I am the lady in the hallway. I spend a fair amount of time waiting in school corridors while Annie is with various tutors. These are interesting venues. On floor two of one elementary school, I watch the young reading tutors leave their small office. I can’t imagine any of them are more than 25. I picture them shopping at Goodwill, and I imagine they wonder if working for such a small pittance is a good idea. I feel old, although I find much amusement in creating scenarios around their personas.

On the third floor of the same school, I sit outside the restroom. The kids look closely at me. If they look long enough for me to glance up from my writing or reading, I say hello. Often this leads to excellent conversations. I have talked about nightmares with one inventive fifth grader and about lice with another boy the same age.

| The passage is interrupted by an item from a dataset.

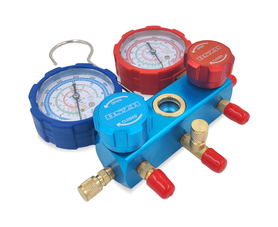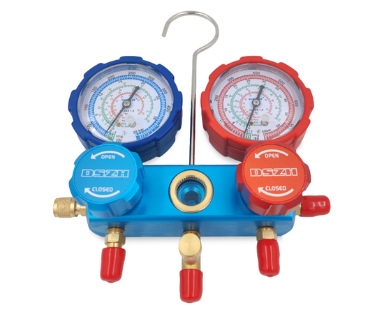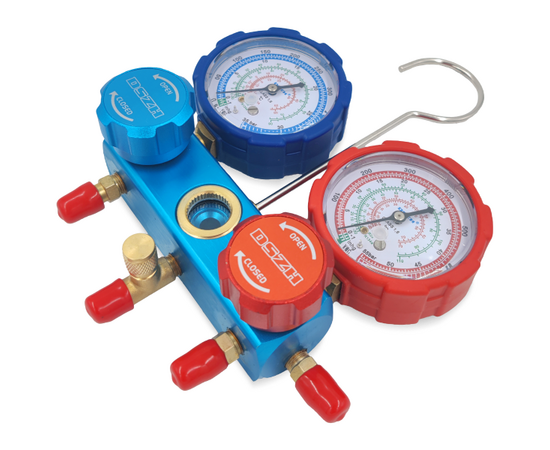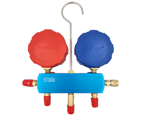 Манометрический 2-х вентильный коллектор DSZH CT-136G - инструмент для определения давления в холодильном контуре. Помогает определить: вакуум, температуру кипения фреона, давление разных фреонов. Универсален под все виды наиболее используемых фреонов.
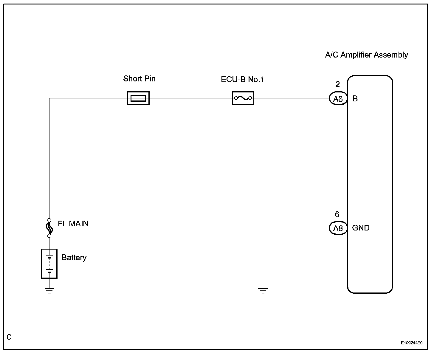 This is the back-up power source circuit for the A/C amplifier assembly. Power is supplied even when turning the ignition switch off and is used for diagnostic trouble code memory, etc.

So, most days I find all this waiting entertaining. I can do my work, as well. I am only completing a small bit of freelance writing and editing right now. It seems tracking down learning specialists, driving Annie to appointments and processing my feelings is akin to a full-time job. But part of me is really annoyed that my life revolves around Annie right now. A portion of me wants to look for a full-time job and only think or work on Annie’s issues after 9pm each night. The idea of a compartmentalized existence is pleasing.

I pick up and take Annie to various appointments three days a week. I just signed Annie up for a new reading tutor, too, so in a few weeks I will see Annie on four out of five school days. Sometimes I complain out loud to Chris about my entire world being about Annie right now.

“It’s a noble thing to do,” he replies. I find this statement (clearly his attempt at humor) both funny and annoying. Maybe it is virtuous to spend so much time figuring out my daughter’s learning disabilities, but I am sure a mom (or dad) who works full-time would also help her child as much as I am assisting Annie. Maybe she (or he) would be better at this task; less time available would lend itself to less worrying. This line of reasoning doesn’t really add up to anything valuable. I am not going to find a full-time job. In a year, I will have more time to work, and until then, I can fill my available hours with freelance work. This is where I am at right now. At the moment, my place is here in the hallway.